The next largest force effecting such remarkable changes in the real estate sector is powerful in its own right, but also functions as a catalyst for the changes in customer behaviour.
The catalyst which has empowered customers and is forcing these modifications which are the death knell of traditional real estate broker is... improvements in technology.
The effect of the real estate downturn has accelerated this process to be sure, but just in time. Had it not been for this downturn, the effect of the changes in consumer behaviour would have taken more, but the effect would finally be the same.
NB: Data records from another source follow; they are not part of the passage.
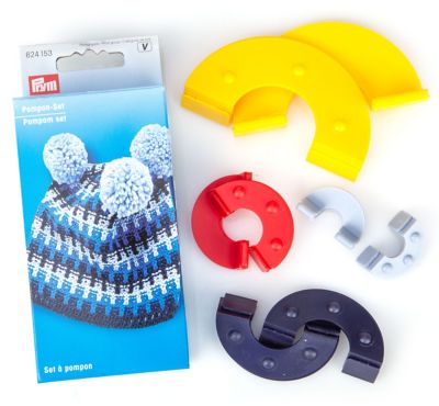 Prym Pompon-Set, mit 4 Pompon-Schablonen für Bommel in den Größen 3 cm, 4,5 cm, 5,5 cm und 9 cm. Material: Kunststoff. Inkl. Arbeitsanleitung.
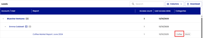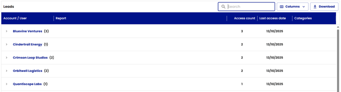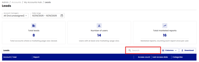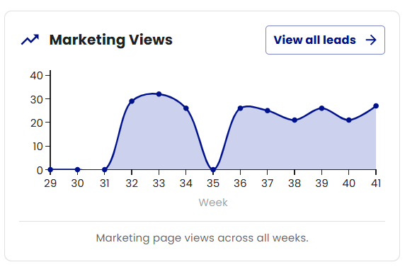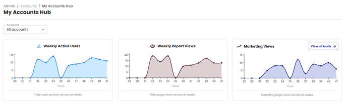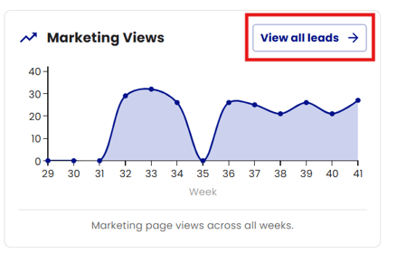 The 'Leads' page can be accessed from within the 'Account Growth Insights Email' and the Account Hub ' Weekly Marketing Views' graph.
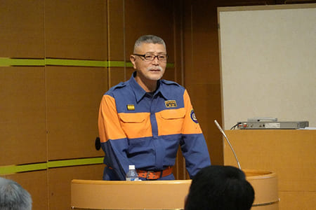 「令和元年房総半島台風時の館山市消防団の活動について」と題した講演では、館山市消防団の活動紹介からはじまり、多くの被害を受けた房総半島台風での課題や改善した点等を講演いただきました。
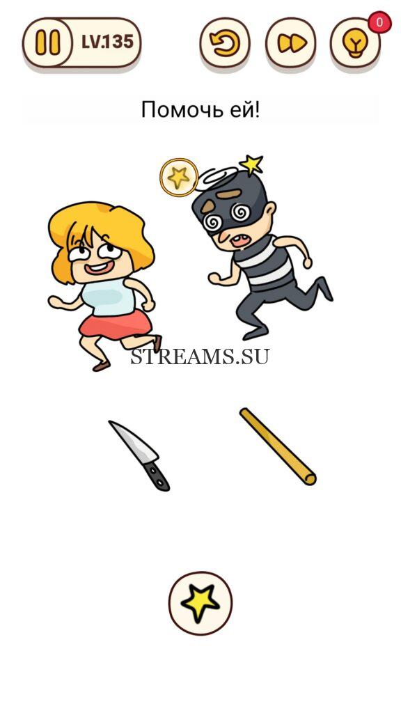 Помочь ей! Уровень 135 — Brain Find – уникальная игра в жанре «головоломка», ответ находится чуть ниже. Она имеет множество уровней и подуровней, которые весело проходить, без особых усилий и траты нервов. Игра нравится многим пользователям из-за приятного музыкального ряда, сопровождающегося весь игровой процесс. Тонко выполненной анимации и красивой графики, над которой поработали разработчики и вложили душу. Уникальность проекта состоит в том, что можно поворачивать экран на некоторых заданиях, увеличивать громкость динамика. То есть, всецело взаимодействовать не только с дисплеем, но и со всем мобильным устройством. На данный момент таких игр мало и не все они доступны в бесплатной версии! Brain Find переведена на русский язык. На нашем сайте, можно получить подсказки, если не получается пройти дальше.
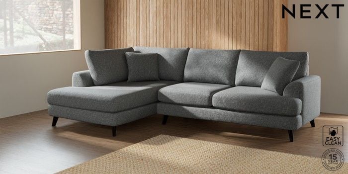 7.2.5 Buy Parker Medium Corner Chaise - Left Hand Chunky Boucle Easy Clean Mid Grey Low Retro Tapered - Dark from the Laura Ashley online shop Click here to use our website with more accessibility support, for example screen readers
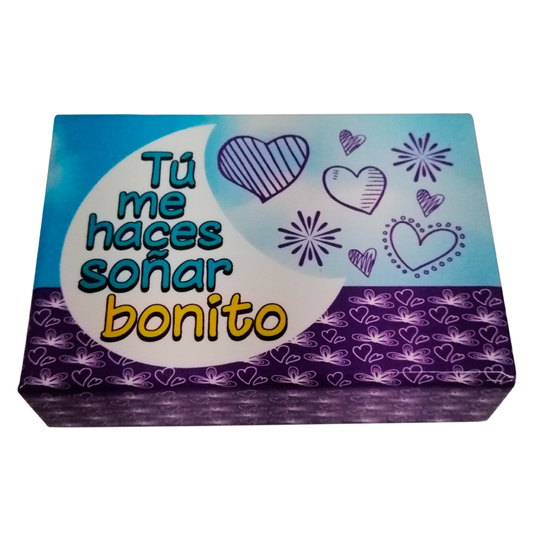 Caja Rígida 25 Chocolates, Puebla diseño: "Tú me haces soñar bonito"

The downturn has acted like a diversion, however, distracting real estate representatives in the actual reason behind their doom.
I am reminded of the paper salesman who tried to sell me expensive print advertising lately. I ask him,"Why would I advertise in the paper when it has not sold any of my property listings in the last year? Help me out. Why should I advertise in your newspaper?" His reply while soft-spoken and considerate, was of the exact same mindset as many real estate agents now,"Well, you do not need to get left out if your competition is advertising, do you?" In response to my blank stare, he cautioned,"When business is slow, it isn't the time to stop advertisements. It's the opportunity to market more than ever. We used that line in earnings 30 years back. Are they still using online? Yes they are.
Apparently, that kind of sales pitch still works with many real estate brokers and agents, because like flies bouncing off the plate glass windows in a futile attempt to escape from bondage, many brokers continue to do what they admit does not work very well anymore. Whatever we were doing this wasn't functioning before must be performed twice as fast today. If the ship you're on is sinking, be quick about your business and jump on another boat exactly like the previous one. Such behavior is insanity and a ticket to failure.
More real estate agents have filed for bankruptcy protection in the last two years than anytime in U.S. History. And the earthquake hasn't ended as many bricks-and-mortar agents are on the verge of shutting their doors shortly.
It's the early adopters of new business models and new technology who are the millionaire realtors in the years to come. Since time is truncated with the accelerating pace of this rise of technology and using the Internet, those who pause too long to consider doing something will be left so far behind, they may never catch up. Consider a space ship going into warp speed. People who missed the flight will find themselves light years behind their coworkers. This is how it'll be for traditional realtors who insist on staying behind.
There's an answer, and it means embracing technology, new marketing techniques, new tools to achieve customers, and mastering the Internet as a powerful medium.